LOS ANGELES — The Justice Department filed a civil lawsuit Thursday attempting to block the Los Angeles Times’ parent company from acquiring its main regional competitor, which would give it a dominant market position in two counties bordering Los Angeles.
Earlier Thursday, Tribune Publishing announced that it had the winning bid — $56 million in cash — in a bankruptcy auction for Freedom Communication’s assets. The DOJ responded within hours.
In a news release announcing the lawsuit, the DOJ alleged the Times’ planned acquisition of Freedom’s newspapers, which include the Orange County Register and the Riverside Press-Enterprise, would give it a monopoly that would potentially allow the paper to hike prices and reduce its quality with little consequence from readers and advertisers. The DOJ said Times and Freedom newspapers make up 98 percent of all newspaper sales in Orange County and 81 percent of English-language fare in Riverside County.
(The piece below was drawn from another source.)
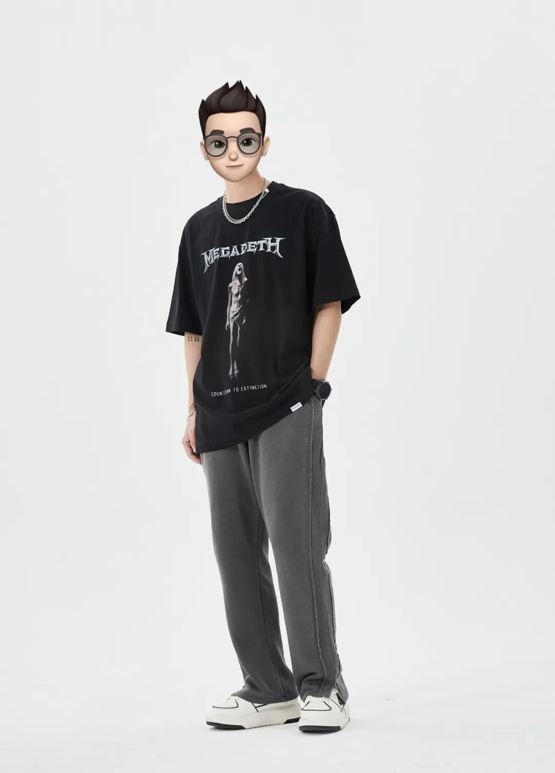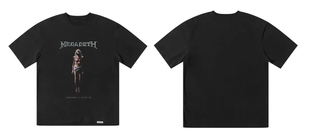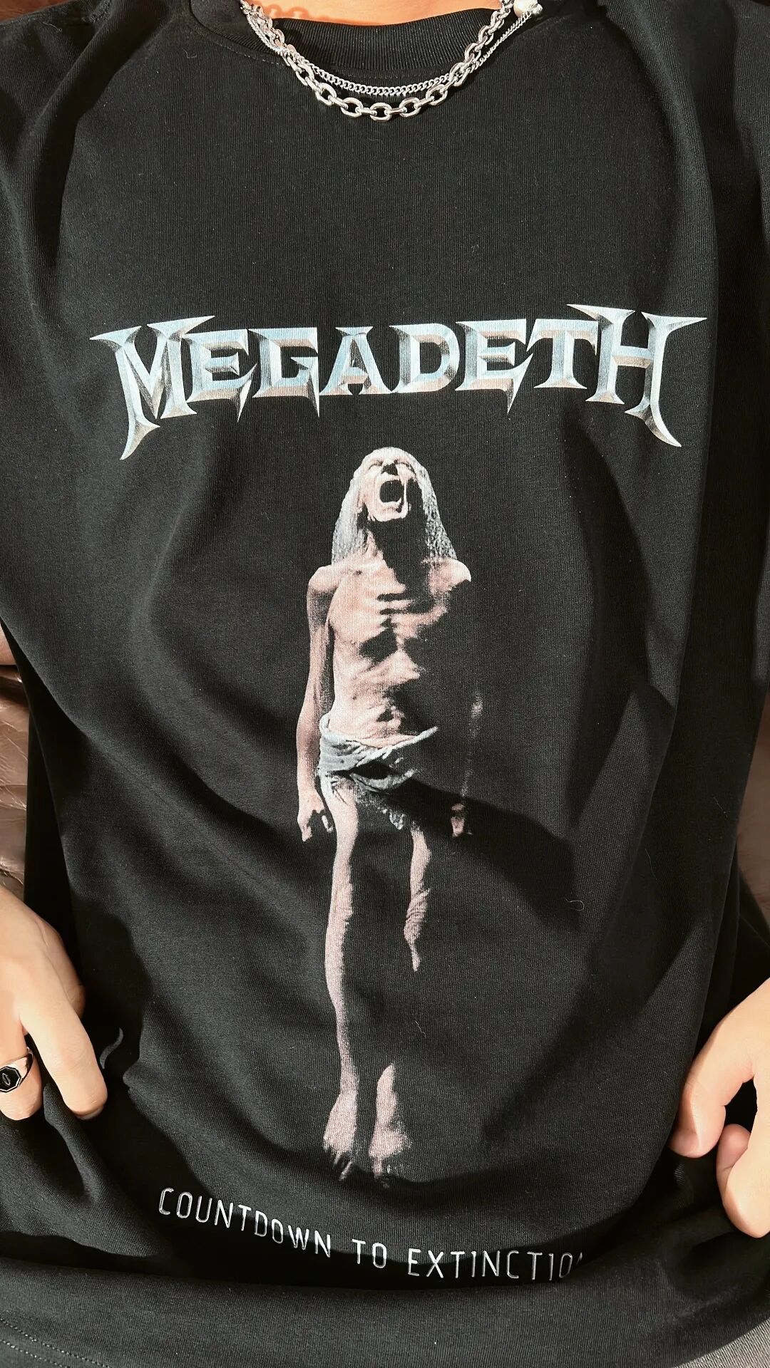 T恤印花是金属乐队MEGADETH的专辑封面,除了金属风格的字体,还带点恐怖美学的味道,细节非常好!成衣采用100%纯棉面料,加宽螺纹处理,领口不易变形,版型宽松,男生女生都能穿,上身简直超酷!

“If this acquisition is allowed to proceed, newspaper competition will be eliminated, and readers and advertisers in Orange and Riverside Counties will suffer,” Assistant Attorney General Bill Baer of the department’s Antitrust Division said in the release. “Newspapers continue to play an important role in the dissemination of news and information to readers and remain an important vehicle for advertisers. The Antitrust Division is committed to ensuring that competition in this important industry is protected.”
Chicago-based investor Michael Ferro acquired control of Tribune Publishing in February and named Justin Dearborn chief executive, replacing the fired Jack Griffin. Times editor Davan Maharaj was promoted to editor-publisher this month. With Tribune’s flagging stock price, rumors have swirled for months about the company selling off its chain of newspapers, which include the Times, Chicago Tribune and Orlando Sentinel. Billionaire philanthropist Eli Broad has long been assumed to be the front-runner if the Times were to go on the market.